Problem details:
Exact transcription of the data below is required, without the images.

Given data:
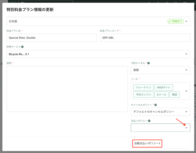 🦅自動支払いポリシーを活用することで、チェックインやチェックアウトのタイミングに応じた柔軟な支払い処理が可能になります。特別料金プランにポリシーを紐づけることで、予定されたデポジットや宿泊費を自動で請求でき、ゲストへの請求が効率化されます。
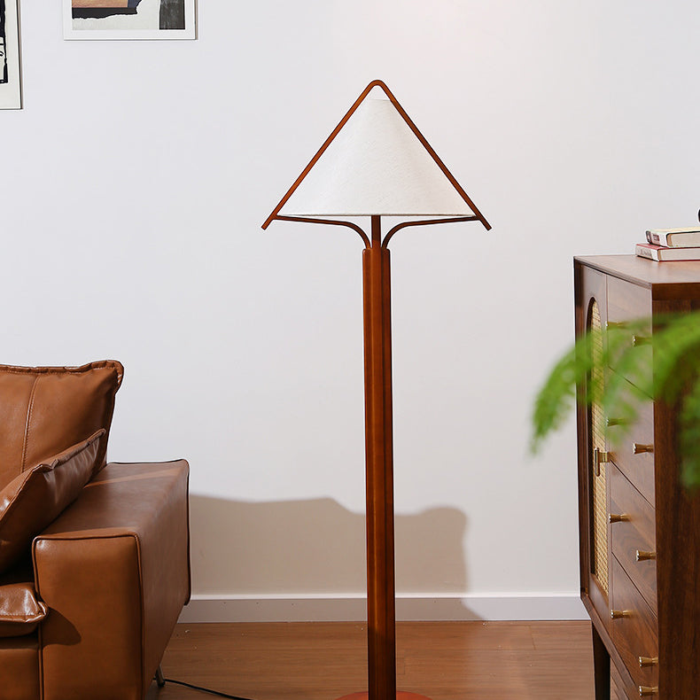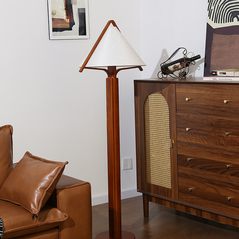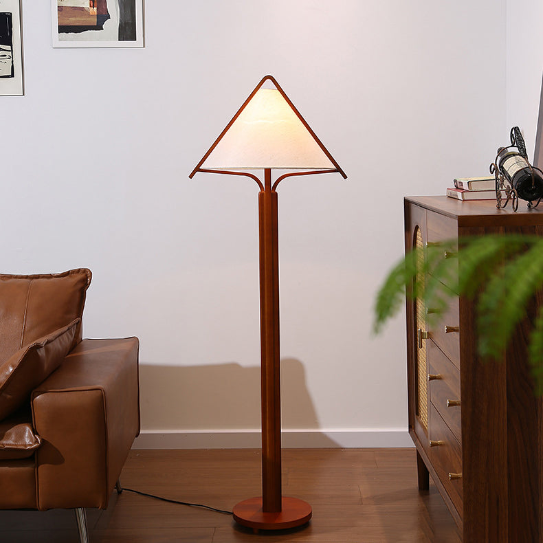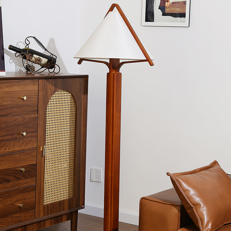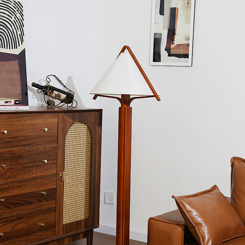 Traditional Vintage Triangle Shape Round Cone Wood Linen 1-Light Standing Floor Lamp For Bedroom
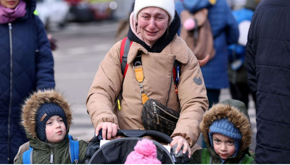 Stoyan Nenov/Reuters A woman cries as she walks with her children after fleeing from Russia’s invasion of Ukraine, at the border crossing in Siret, Romania, Feb. 28, 2022.

Solution to this problem:
 🦅自動支払いポリシーを活用することで、チェックインやチェックアウトのタイミングに応じた柔軟な支払い処理が可能になります。特別料金プランにポリシーを紐づけることで、予定されたデポジットや宿泊費を自動で請求でき、ゲストへの請求が効率化されます。
 Traditional Vintage Triangle Shape Round Cone Wood Linen 1-Light Standing Floor Lamp For Bedroom
 Stoyan Nenov/Reuters A woman cries as she walks with her children after fleeing from Russia’s invasion of Ukraine, at the border crossing in Siret, Romania, Feb. 28, 2022.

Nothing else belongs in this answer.